START Data listing

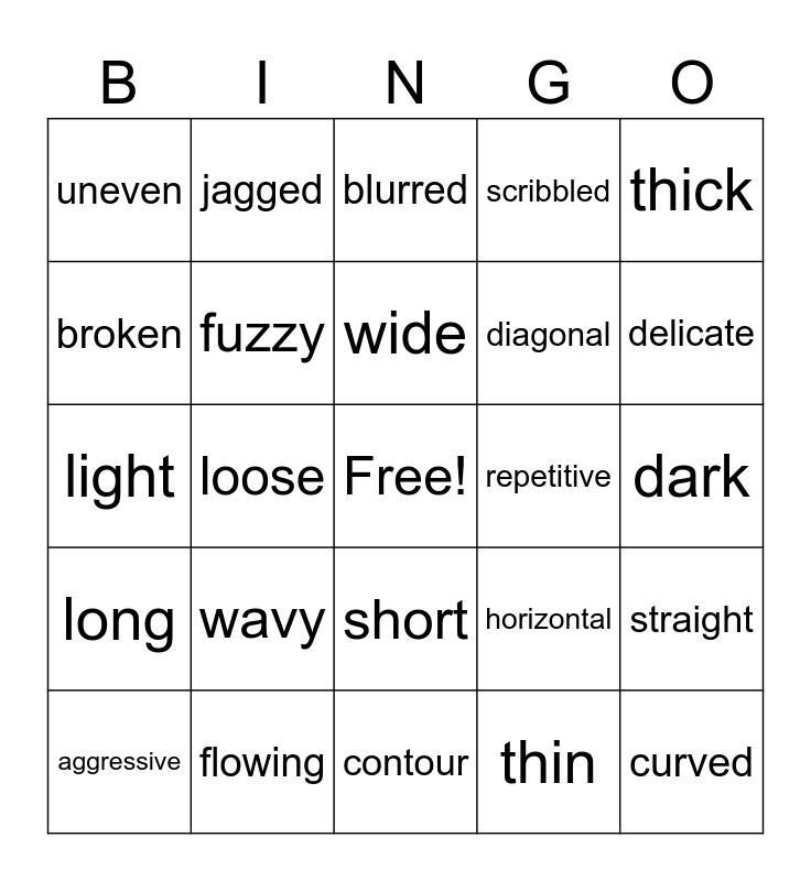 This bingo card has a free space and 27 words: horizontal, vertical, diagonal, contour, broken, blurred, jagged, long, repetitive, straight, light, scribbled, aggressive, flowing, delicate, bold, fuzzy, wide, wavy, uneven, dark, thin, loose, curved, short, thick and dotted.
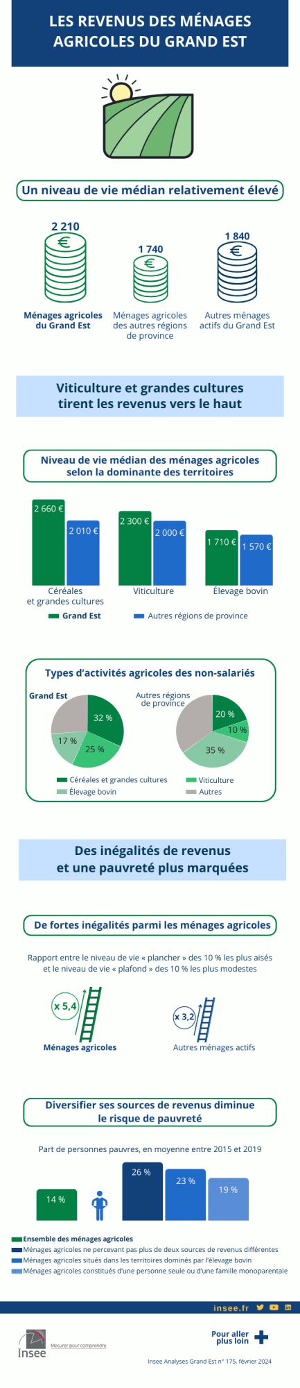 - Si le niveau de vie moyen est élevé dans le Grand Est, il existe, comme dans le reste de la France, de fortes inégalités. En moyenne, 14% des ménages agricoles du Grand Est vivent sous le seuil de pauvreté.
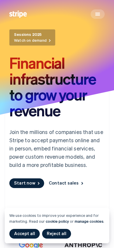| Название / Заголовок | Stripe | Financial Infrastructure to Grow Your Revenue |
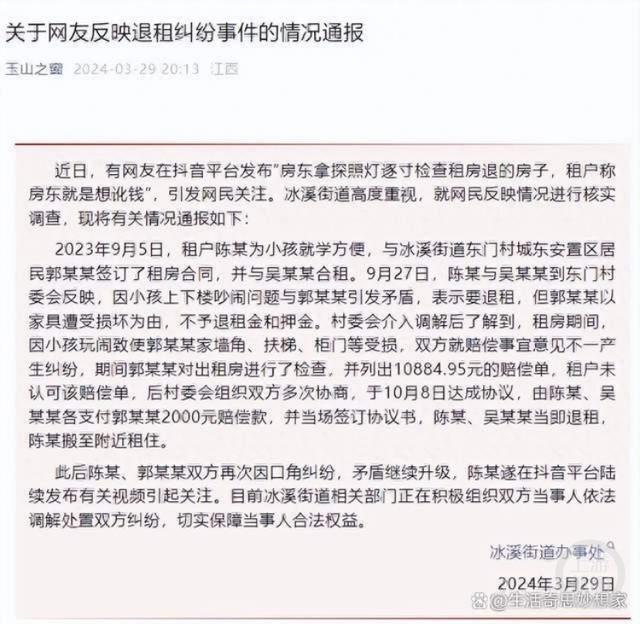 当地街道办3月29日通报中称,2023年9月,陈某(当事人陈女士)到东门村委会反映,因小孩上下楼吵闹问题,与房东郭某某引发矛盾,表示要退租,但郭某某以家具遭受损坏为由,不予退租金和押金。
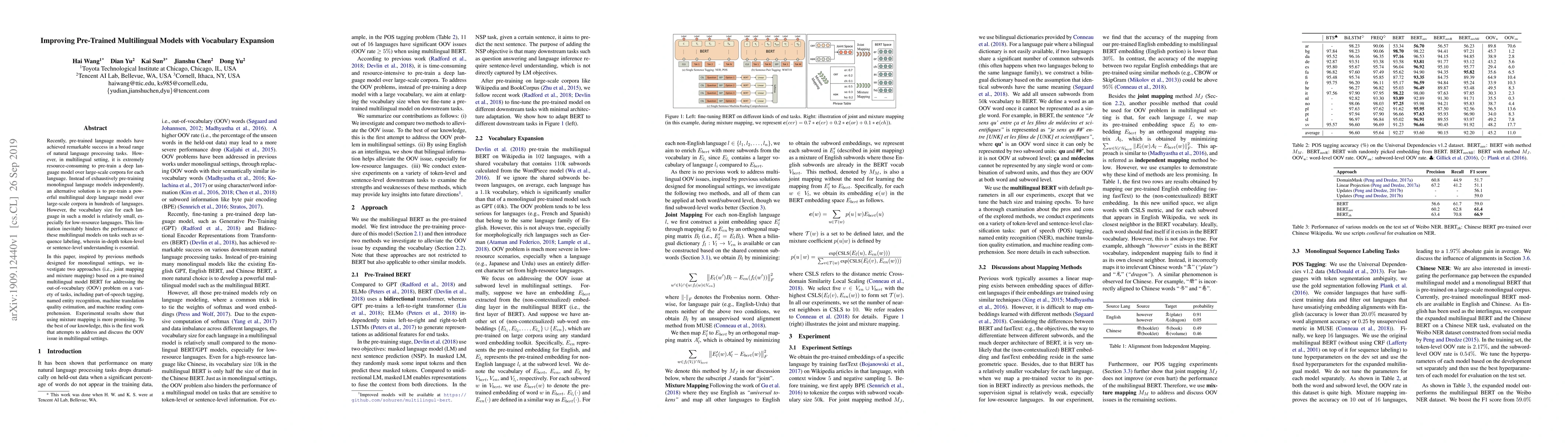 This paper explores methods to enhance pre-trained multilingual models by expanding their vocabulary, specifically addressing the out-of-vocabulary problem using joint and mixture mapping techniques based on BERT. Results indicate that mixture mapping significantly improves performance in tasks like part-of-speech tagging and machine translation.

END Data listing

**Assigned task**
The data above needs to be retyped exactly, with the images left out.

**Answer section**
 This bingo card has a free space and 27 words: horizontal, vertical, diagonal, contour, broken, blurred, jagged, long, repetitive, straight, light, scribbled, aggressive, flowing, delicate, bold, fuzzy, wide, wavy, uneven, dark, thin, loose, curved, short, thick and dotted.
 - Si le niveau de vie moyen est élevé dans le Grand Est, il existe, comme dans le reste de la France, de fortes inégalités. En moyenne, 14% des ménages agricoles du Grand Est vivent sous le seuil de pauvreté.
| Название / Заголовок | Stripe | Financial Infrastructure to Grow Your Revenue |
 当地街道办3月29日通报中称,2023年9月,陈某(当事人陈女士)到东门村委会反映,因小孩上下楼吵闹问题,与房东郭某某引发矛盾,表示要退租,但郭某某以家具遭受损坏为由,不予退租金和押金。
 This paper explores methods to enhance pre-trained multilingual models by expanding their vocabulary, specifically addressing the out-of-vocabulary problem using joint and mixture mapping techniques based on BERT. Results indicate that mixture mapping significantly improves performance in tasks like part-of-speech tagging and machine translation.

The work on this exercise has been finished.